D’après les théories bureaucratiques, toute organisation publique cherche à assurer sa propre survie et à suivre des objectifs privés. Ainsi, lorsque l’échéance du mandat s’approche, les membres de la banque centrale peuvent être poussés à satisfaire le gouvernement afin d’assurer le renouvellement. Cela reste indépendant de la durée du mandat: pour l’éliminer entièrement il faudrait une durée infinie ou ne pas attribuer la nomination au gouvernement, ce qui apparaît difficile à soutenir. Plusieurs auteurs61 ont cherché à mettre en évidence

l’existence d’influences politiques même en cas d’indépendance. En plus, en cas de banque centrale qui garde le rôle de superviseur du système bancaire62, se pose un conflit d’objectif entre stabilité des prix et stabilité

financière. Ce conflit oppose les deux objectifs: la banque centrale peut être poussée à conduire une politique monétaire expansive (taux d’intérêt bas) afin d’aider des éventuelles banques en difficultés. On pourrait ainsi sacrifier la stabilité monétaire pour sauvegarder la stabilité financière. Le même dilemme peut se poser à cause de la dualité entre stabilité monétaire interne (niveau des prix) et stabilité externe (taux de change).

L’indépendance par rapport au gouvernement à elle seule peut ne pas être une garantie certaine de crédibilité.
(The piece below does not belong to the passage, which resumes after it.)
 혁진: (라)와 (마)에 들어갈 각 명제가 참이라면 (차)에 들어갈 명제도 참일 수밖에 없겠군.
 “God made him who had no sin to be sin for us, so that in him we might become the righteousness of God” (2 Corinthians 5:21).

L’indépendance légale doit encore se traduire en indépendance pratique (cf. supra l’exemple des PVD). L’idée de pouvoir isolé complètement la politique monétaire des tentations inflationnistes par l’indépendance, peut se révéler illusoire. Cukierman (1993), à la suite des résultats empiriques, semble même en être convaincu:

“More legal independence alone does not suffice. When actual practice is allowed to substantially depart from the written law, even a highly independent charter does not function as an effective

commitment device.” (Cukierman, 1993 - p. 288)
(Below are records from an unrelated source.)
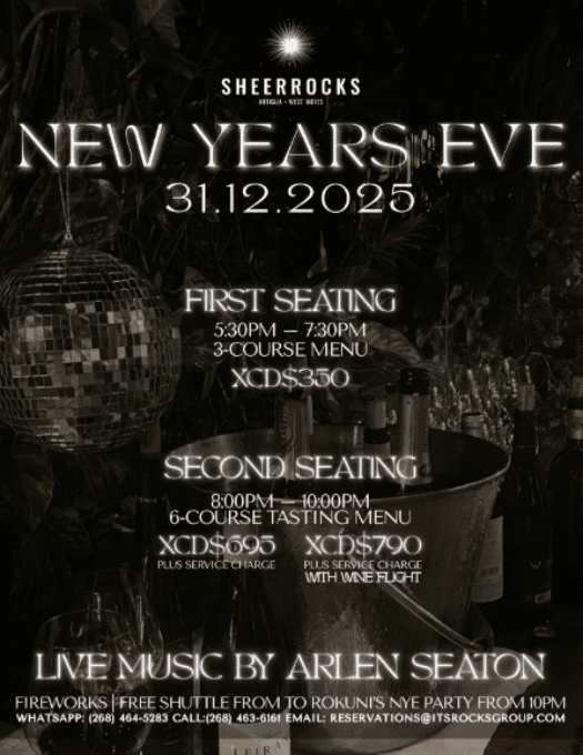 First Seating (5:30–7:30pm): 3-course dinner — XCD$350 + service
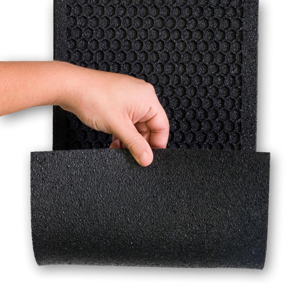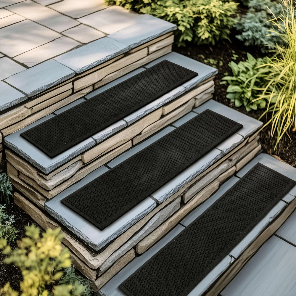 Enhance your staircases with premium Honeycomb stair treads by , expertly crafted from durable recycled rubber to deliver exceptional traction and long-lasting resilience in high-traffic areas. Designed for versatility, these stair treads not only improve safety in residential settings but also provide essential functionality in commercial spaces. With their robust construction, grooved honeycomb surface, and dependable non-slip grip, they ensure peace of mind against slips and falls, offering secure footing with every step. Whether in a functional home environment or a bustling commercial setting, these stair treads are the perfect solution for enhancing safety and durability while maintaining a sleek, modern aesthetic. ROBUST CONSTRUCTION: Resilient recycled rubber material offers long-lasting waterproof performance for both indoor and outdoor use, standing strong against all weather conditions—sun, rain, sleet, and snow! SECURE TRACTION: The grooved honeycomb surface, paired with a non-skid backing, improves stair safety by providing reliable stability and a secure grip with every step. SLEEK DESIGN: Low-profile build provides optimal functionality for high-traffic areas by minimizing tripping hazards and eliminating entryway obstructions, allowing doors to open and close effortlessly. MULTIPURPOSE USE: Ideal for indoor and outdoor staircases in both residential and commercial spaces, offering enhanced convenience and functionality for a variety of applications. EASY CARE & CLEAN: Vacuum, sweep, shake out, or spray off debris outdoors with a garden hose and air dry.
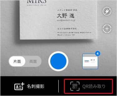 2. デジタル名刺画面に遷移した場合、名刺撮影画面に遷移した場合、共に[QR読み取り]をタップしてください。
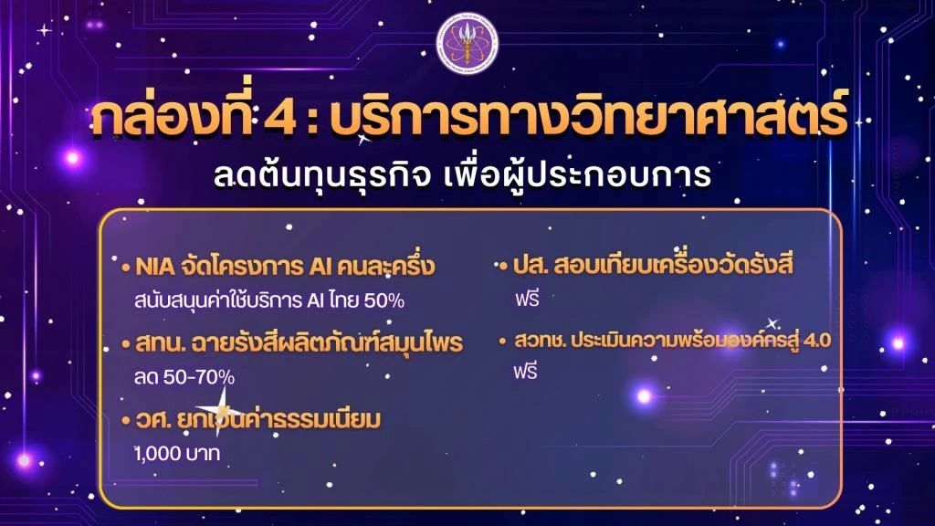4) ให้บริการทางวิทยาศาสตร์ ทั้งยกเว้นค่าธรรมเนียม ลดค่าบริการ และให้บริการฟรีเพื่อผู้ประกอบการ
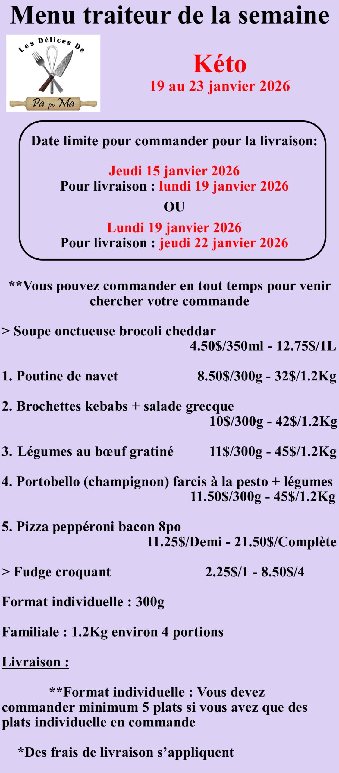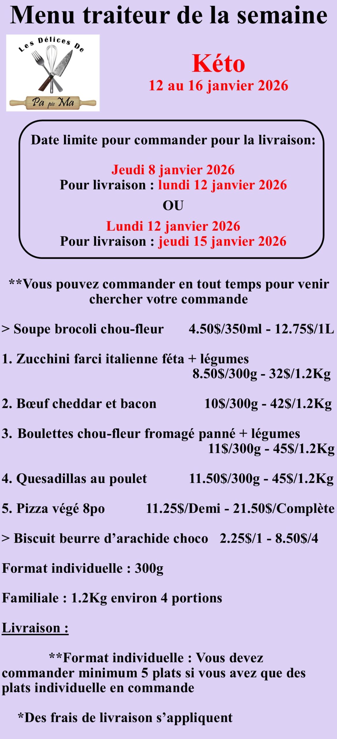 Semaine 1 : 12 au 16 janvier Semaine 2 : 19 au 23 janvier Formulaire de commande Menu de la semaine keto Étape 1 de 3 33% Name(Nécessaire) Prénom Nom Phone(Nécessaire)Email(Nécessaire) Address(Nécessaire) Adresse postale Adresse ligne 2 Ville État / Province / Région ZIP / Code postal AfghanistanAfrique du SudAlbanieAlgérieAllemagneAndorreAngolaAnguillaAntarctiqueAntigua-et-BarbudaArabie SaouditeArgentineArménieArubaAustralieAutricheAzerbaïdjanBahamasBahreïnBangladeshBelarusBelgiqueBelizeBermudesBhoutanBolivieBonaire, Saint-Eustache et SabaBosnie-HerzégovineBotswanaBrunei DarussalamBrésilBulgarieBurkina FasoBurundiBéninCambodgeCamerounCanadaCap-VertChiliChineChypreColombieComoresCongoCosta RicaCroatieCubaCuraçaoCzechiaCôte d’IvoireDanemarkDjiboutiDominiqueEspagneEstonieEswatiniFidjiFinlandeFranceGabonGambieGhanaGibraltarGrenadeGroenlandGrèceGuadeloupeGuamGuatemalaGuerneseyGuinéeGuinée FrançaiseGuinée équatorialeGuinée-BissauGuyaneGéorgieHaïtiHeard Island and McDonald IslandsHondurasHong KongHongrieIles AlandIndeIndonésieIrakIranIrlandeIslandeIsraëlItalieJamaïqueJaponJerseyJordanieKazakhstanKenyaKirghizistanKiribatiKorea, Democratic People's Republic ofKorea, Republic ofKoweïtLa BarbadeLa RéunionLesothoLettonieLibanLiberiaLibyeLiechtensteinLituanieLuxembourgMacaoMadagascarMalaisieMalawiMaldivesMaliMalteMarocMartiniqueMauritanieMayotteMexiqueMicronésieMoldavieMonacoMongolieMontserratMonténégroMozambiqueMyanmarNamibieNauruNicaraguaNigerNigériaNiueNorth MacedoniaNorvègeNouvelle CalédonieNouvelle-ZélandeNépalOmanOugandaOuzbékistanPakistanPalauPanamaPapouasie-Nouvelle-GuinéeParaguayPays-BasPhilippinesPitcairnPolognePolynésie françaisePorto RicoPortugalPérouQatarRoumanieRoyaume-UniRussian FederationRwandaRépublique DominicaineRépublique centrafricaineRépublique démocratique du CongoRépublique démocratique populaire LaoSahara occidentalSaint BarthélemySaint Helena, Ascension and Tristan da CunhaSaint MartinSaint-Christophe-et-NevisSaint-MarinSaint-MartinSaint-Pierre-et-MiquelonSaint-SiègeSaint-Vincent-et-les GrenadinesSainte-LucieSalvadorSamoaSamoa américainesSao Tomé et PrincipeSerbieSeychellesSierra LeoneSingapourSlovaquieSlovénieSomalieSoudanSoudan du SudSouth Georgia and the South Sandwich IslandsSri LankaSuisseSurinameSuèdeSvalbard and Jan MayenSyria Arab RepublicSénégalTadjikistanTanzania, the United Republic ofTaïwanTchadTerres australes FrançaisesTerritoire britannique de l'océan IndienThaïlandeTimor-LesteTogoTokelauTongaTrinité et TobagoTunisieTurkménistanTuvaluTürkiyeUkraineUruguayVanuatuVenezuelaViet NamWallis et FutunaYémenZambieZimbabweÉgypteÉmirats arabes unisÉquateurÉrythréeÉtat palestinienÉtats-UnisÉthiopieÎle BouvetÎle MauriceÎle de ManÎle de NorfolkÎle de NoëlÎles CaymanÎles CocosÎles CookÎles FalklandÎles FéroéÎles Mariannes du NordÎles MarshallÎles SalomonÎles Turques-et-CaïquesÎles Vierges américainesÎles Vierges britanniquesÎles mineures éloignées des États-Unis Pays Pour quelle semaine?(Nécessaire) Semaine 1 Semaine 2 Soupe et crèmeNombre de portions 350mL Soupe Quantité Prix: $ 4.50 CAD Quantité Nombre de portions 1L Soupe Quantité Prix: $ 12.75 CAD Quantité Total RepasNombre de portions 300g Repas 1 Quantité Prix: $ 8.50 CAD Quantité Nombre de portions 1,2Kg Repas 1 Quantité Prix: $ 32.00 CAD Quantité Nombre de portions 300g Repas 2 Quantité Prix: $ 10.00 CAD Quantité Nombre de portions 1,2Kg Repas 2 Quantité Prix: $ 42.00 CAD Quantité Nombre de portions 300g Repas 3 Quantité Prix: $ 11.00 CAD Quantité Nombre de portions 1,2Kg Repas 3 Quantité Prix: $ 45.00 CAD Quantité Nombre de portions 300g Repas 4 Quantité Prix: $ 11.50 CAD Quantité Nombre de portions 1,2Kg Repas 4 Quantité Prix: $ 45.00 CAD Quantité Nombre de portions Pizza demie 8po Quantité Prix: $ 11.25 CAD Quantité Nombre de portions Pizza entière 8po Quantité Prix: $ 21.50 CAD Quantité Total DessertsNombre de portions individuelles Dessert 2 Quantité Prix: $ 2.25 CAD Quantité Nombre de portions grosses Dessert 2 Quantité Prix: $ 8.50 CAD Quantité Total Veuillez écrire ici pour les options Sans Gluten/Allergies ainsi que tout autres informations. Prévoir des frais supplémentaires si nous devons changer les ingrédients pour les allergènes. Total Laisser 3 jours de délais pour le ramassage en magasinLivraison(Nécessaire) Je veux faire livrer Je veux ramasser en magasin Jour de Livraison(Nécessaire) Lundi Jeudi Disponibilité(Nécessaire) AM PM AM et PM Entrer les heures disponibles(Nécessaire)Entrer la journée et l'heure de passage(Nécessaire)Payer(Nécessaire) Par carte En magasin Coupon Frais de livraison (taxes incluses)(Nécessaire) Rayon de 10km - 6$ Rayon de 20km - 12$ Rayon de 30km - 18$ Rayon de 40km - 24$ Plus de 40km - 27$ Indiquez à quelle distance de Magog vous vous situez.Credit Card Sans titre Δ

Dans un cas limite, on peut arriver à soutenir, comme le fait McCallum (1995a), que le comportement est plus important que l’institution, de telle sorte que si on veut réaliser une politique non inflationniste il suffit de la mettre en œuvre, dépassant toute considération concernant le préengagement. En réalité, institution et comportement sont mutuellement nécessaires pour assurer la crédibilité.

D’ailleurs, la crédibilité est réalisée si la banque centrale dit ce qu’elle fait et fait ce qu’elle dit, ce qui implique que l’indépendance légale doit être suivie de l’indépendance effective (réalisation de l’objectif). L’indépendance légale est une condition nécessaire à la crédibilité, elle n’est pas une condition suffisante. Pour tester la validité de l’indépendance effective, il faut du temps, il faut faire le constat d’une expérience.

“Credibility means that your pronouncements are believed - even though you are bound by no rule and may even have a short-run incentive to renege. In the real world, such credibility is not normally created by incentive-compatible compensation schemes nor by rigid precommitment. Rather it is painstankigly built up by a history of matching deeds to words. A central bank that consistently does what it says will acquire credibility by this definition almost regardless of the institutional structure.”

(Blinder, 1996 - pp. 64-65)

La crédibilité se gagne ainsi par la réalisation de l’objectif. La crédibilité se compose d’un élément institutionnel (l’indépendance) et d’un élément comportemental (la réalisation de la politique monétaire): les deux étant nécessaire à l’établissement de la crédibilité. Malheureusement, le modèle de la crédibilité ne tient pas en compte la dimension temporelle, d’où l’assimilation de la crédibilité à la seule dimension légale de l’indépendance. D’ailleurs, la prise en compte de la dimension temporelle peut changer la nature du jeu stratégique, comme les modèles de la réputation le démontrent.

Enfin, dans la théorie, la crédibilité est associée avec l’incohérence temporelle: une politique est crédible si elle n’est pas temporellement incohérente. Par politique crédible, on entend le fait qu’on croit que cette politique sera effectivement réalisée.

61 Havrilesky (1990), Weintraub (1978).